WChicken Craig Venter, one of the creators of the map of human genes, when he went on a boat to map the DNA in seawater around the world, he found that a teaspoon of seawater contained about 50m viruses. Although this does not sound encouraging, the bad news is mitigated by the fact that most of these are phages that destroy sea bacteria and are not interested in us.

Viruses are pathogens, and like all of their pathogenic counterparts, they can travel freely to living organisms. The whole point of multicellular life is to create a comfortable environment for the cells to live in, and evolution has created all kinds of mechanisms that require this comfort and ability to thrive, either outside or sometimes inside the cells themselves. While it is usually not good for this insect to kill its owner and be forced to find a new home, some come dangerously close. Many diseases in the developing world are linked in some way to parasitic diseases.

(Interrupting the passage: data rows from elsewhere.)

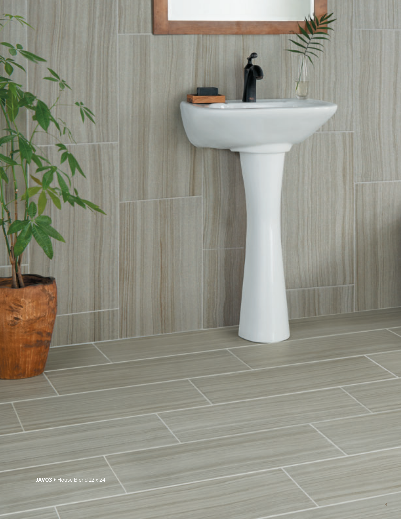
JAV03 ▶ House Blend 12 x 24
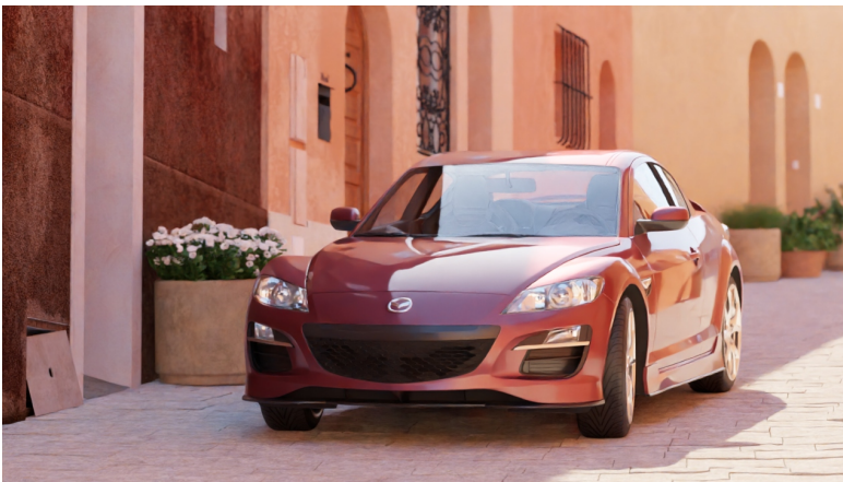
Figure 3.2 – Example output beauty image denoised using prefiltered auxiliary feature images (albedo and normal) too.

For denoising beauty images, it accepts either a low dynamic range (LDR) or high dynamic range (HDR) image ( color ) as the main input image. In addition to
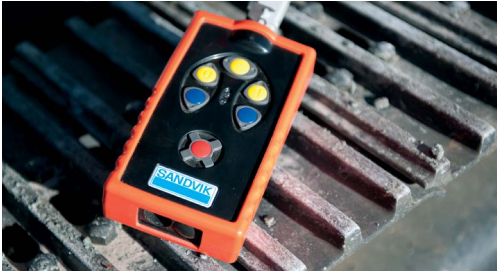
Remote control for ease of mobility
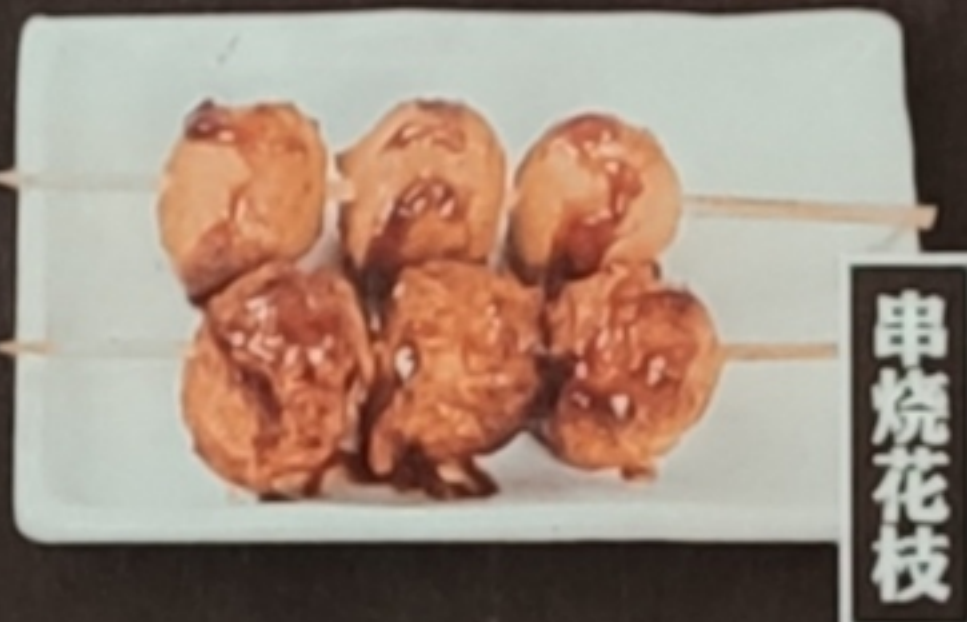
Fried Cuttlefish Balls 2 99 / ea 🌶️
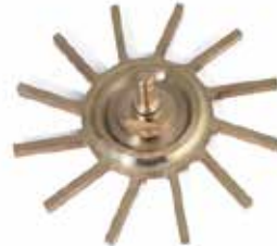
REVERSE DOSING WHEEL W/ FLAT RODS - PLOW F-66/1 | OEM: N/A
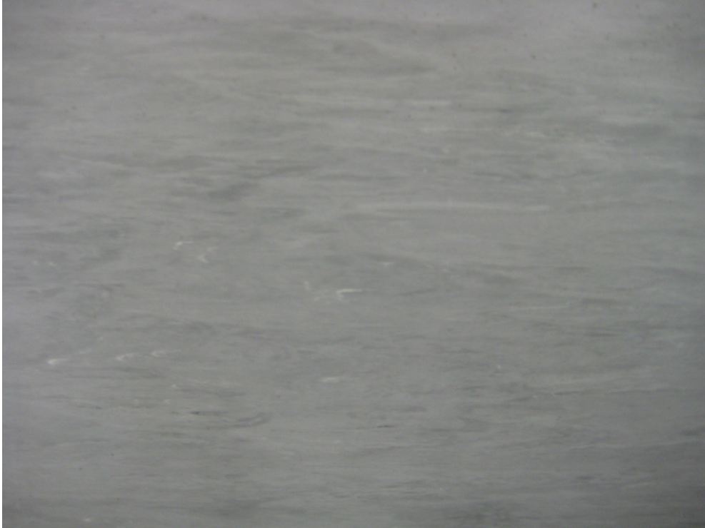
Image of Material
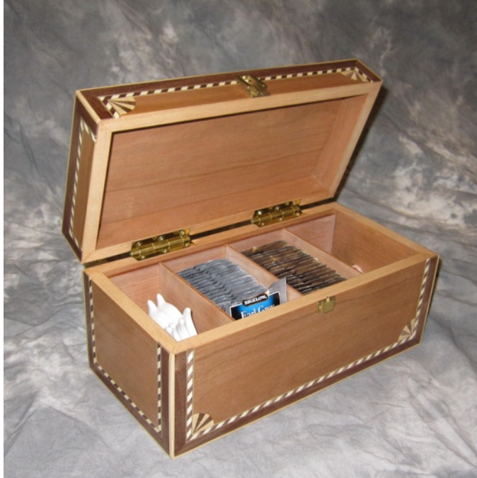
Lee Nye, Tea Caddy

A lot of projects that might have otherwise been on the “Show” table were on the gift table so the From Our Workshop section is fairly small this month.
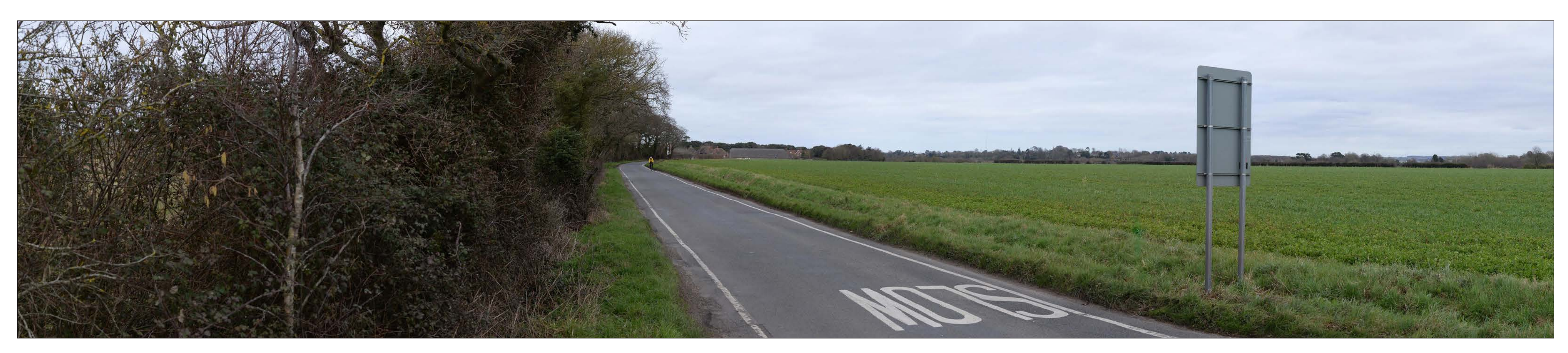
VIEWPOINT 6 (WINTER): VIEW NORTH OFF POSBROOK LANE NORTH OF SINGLEDGE HOUSE
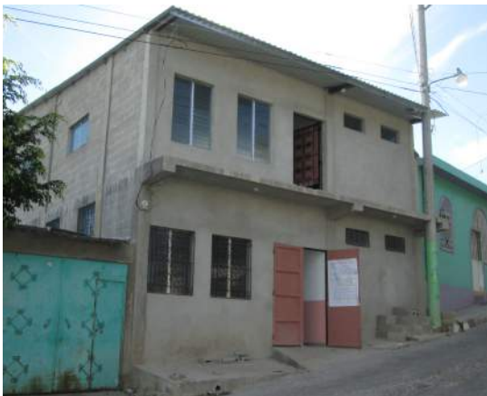
Newly constructed clinic

Using money from the profits from their second-hand store, the sisters have been able to hire a half-time doctor and nurse. Future plans call for a small laboratory for processing blood samples. The doctor, who wants to dedicate her life to helping the poor, is willing to take a small salary of $500/month.
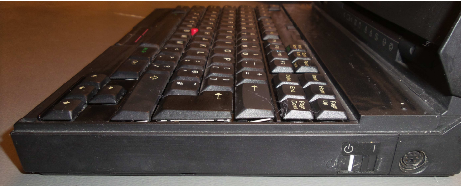
Figure 8: IBM Thinkpad 700C right side closeup
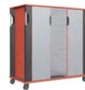
Mobile Storage - J1490 Tote Storage & Doors
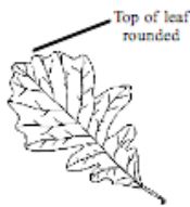
Bur Oak Leaves turn brown in fall
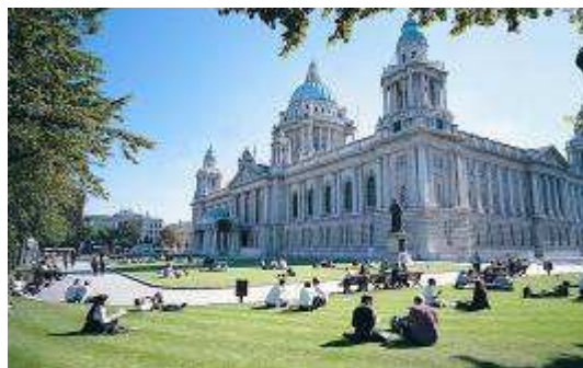
Belfast City Hall

Dino Martins book is a fascinating collection of all the antagonists, some big, some small, some harmless and some deadly, who await the unexpected hot blooded creatures. It spreads in four different writing styles. The first is a musical description of nature itself written by an observant observer. The song reaches out to terrifying images: for example, a strange legend, it comes from the description of an elephant rotting in the Kenyan sunlight, slowly melting away with a multitude of maggots. “A bubbling liquid of maggots rises in waves of steam,” and Martins lifts his hands into the glistening flesh to test the colors of the maggots while noting that the air “glistens and stinks”. The tone then changes from musical to taxonomic, listing the genera and behavior of the various animals involved. Martins marvels, and so does the reader, at the creation of the universe.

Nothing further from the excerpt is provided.